In the judgement file no. 29 Cdo 895/2018-125, the Supreme Court agreed with the approach, that if the defendant (debtor of the claim) fulfilled the pledged claim in May 2014 (before maturity) by paying it to the debtor directly (not to the designated bank account of the secured creditor), even though it was proved that in April 2014 he was duly notified of the pledge of the claim in favour of the bank (creditor), then even in the period from the notification of the creation of the pledge (7 April 2014) to the maturity of the claim (11 May 2014) the defendant cloud be released from his obligation only by paying to the pledgee. This also applied in the time from the maturity of the pledged claim until the opening of the insolvency proceeding (September 2014). After the opening of the insolvency proceeding until the decision on bankruptcy, the defendant was obliged to pay to the debtor, and after the decision on bankruptcy regarding the debtor’s assets, to the debtor’s insolvency administrator (plaintiff). After the maturity of the pledged claim, these persons could recover this claim. If the defendant was notified on 7 April 2014 of the creation of the pledge of the claim, which the defendant was obliged to satisfy, and the defendant subsequently fulfilled this claim directly to the debtor, he did not release himself from his obligation to pay the pledged claim to the pledgee (bank). Following the declaration of bankruptcy, the debtor’s insolvency administrator is entitled to recover this claim, as it was not discharged.

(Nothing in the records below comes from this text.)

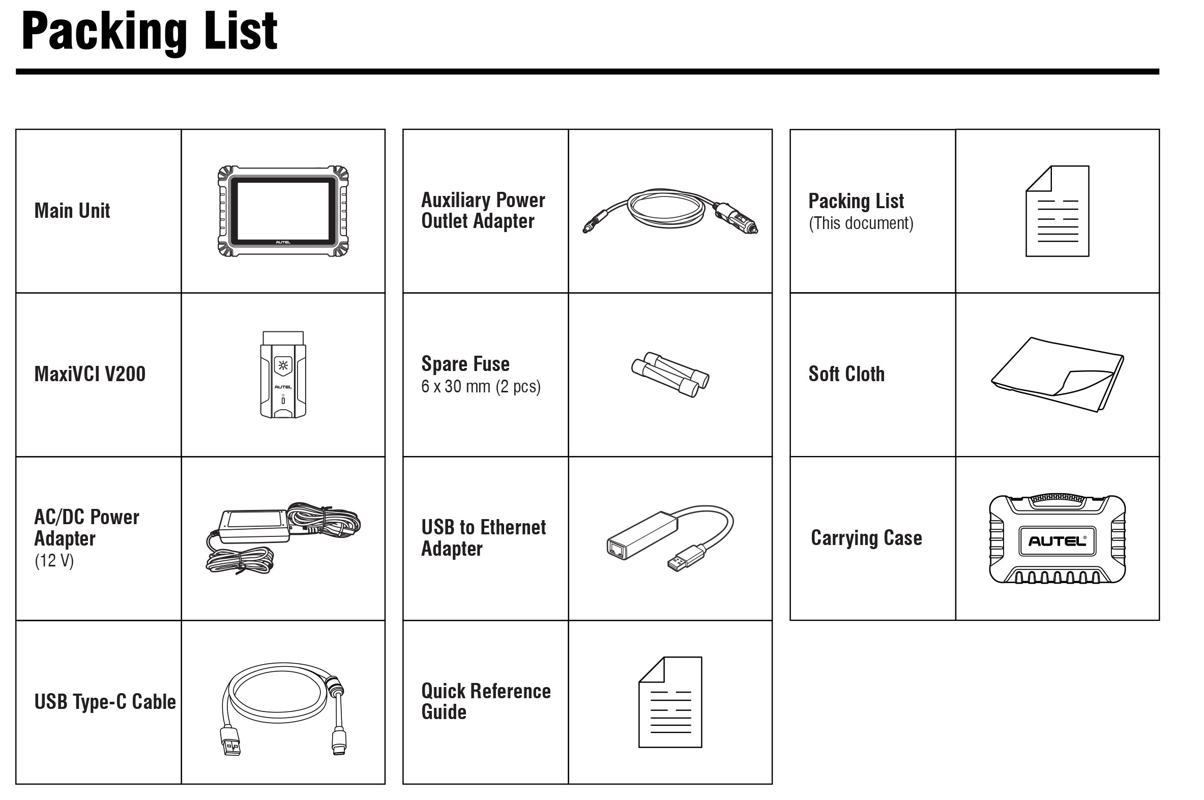 Autel Maxisys MS906 Max Professional Diagnostic Tablet Packing List:
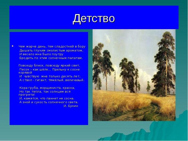 Иллюстрация к стиху "Детство" Ивана Алексеевича Бунина воплощает в себе нежность и трепетность этой эмоциональной поэтической работы. Картина воссоздает атмосферу детства, где каждая деталь наполнена яркими и красочными оттенками. Она позволяет окунуться в мир игр и радости, где самые простые моменты становятся неповторимыми и значимыми. Визуальные образы на картине передают непосредственность и бесконечную счастливую беззаботность детских лет, позволяя зрителю ощутить теплое сердце и чувственность стиха. Эта иллюстрация приглашает каждого зрителя возвращаться к своему собственному детству, переживая и вновь осознавая его ценность и уникальность.
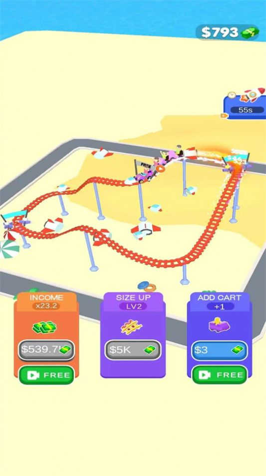 空闲疯狂过山车这款游戏体验起来特别的真实,游戏还给玩家带来了具有节奏的音乐背景,让玩家可以跟着节奏在游戏里面进行驾驶,而且游戏里面还有不同的道具,玩家都可以获得,让自己体验起来更加轻松。

In the judgement file no. 29 Cdo 1178/2018-372, the Supreme Court assessed the conditions of validity of a promissory note. The High Court in Prague declared the promissory notes invalid, so we filed an extraordinary appeal on behalf of the plaintiff. In the present case, the promissory notes do not indicate the place where the payment is to be made; it was to be assessed, what is the significance for the question of (in)validity of the promissory notes if the following is indicated: “due at (…)” with a blank line for “place” + the following text underneath “at K.B. Brno-venkov; 35-xxxxxxxx/0100”. In this connection, the Supreme Court explained, that the above-mentioned information on the promissory notes cannot be considered to be the name of the person, whom they were to be paid. The abbreviation K.B. (in conjunction with the account number) can be “interpreted” as Komerční banka, a.s., but the other text “Brno-venkov” is definitely not part of the name under which this legal entity is registered in the Commercial Register. In this situation, the Supreme Court viewed as decisive the (unique) graphic form of the promissory notes. In the absence of information on the place where the payment is to be made, the domicile clause is divided into a part defining the domicile-person (i.e. the person to whom the promissory notes were to be presented – see the pre-printed indication “bank”) and the part indicating the place, where this is to take place – the indication “place”. It is clear from this form of the promissory notes, that the data mentioned in the pre-printed text “bank” are only intended to identify the domicile-person, or to indicate a specific account maintained by the domicile-person, to which the promissory notes were to be paid; it was obviously not a question of defining the place of payment, since the indication of “place” of the domicile-person remained blank in the promissory notes.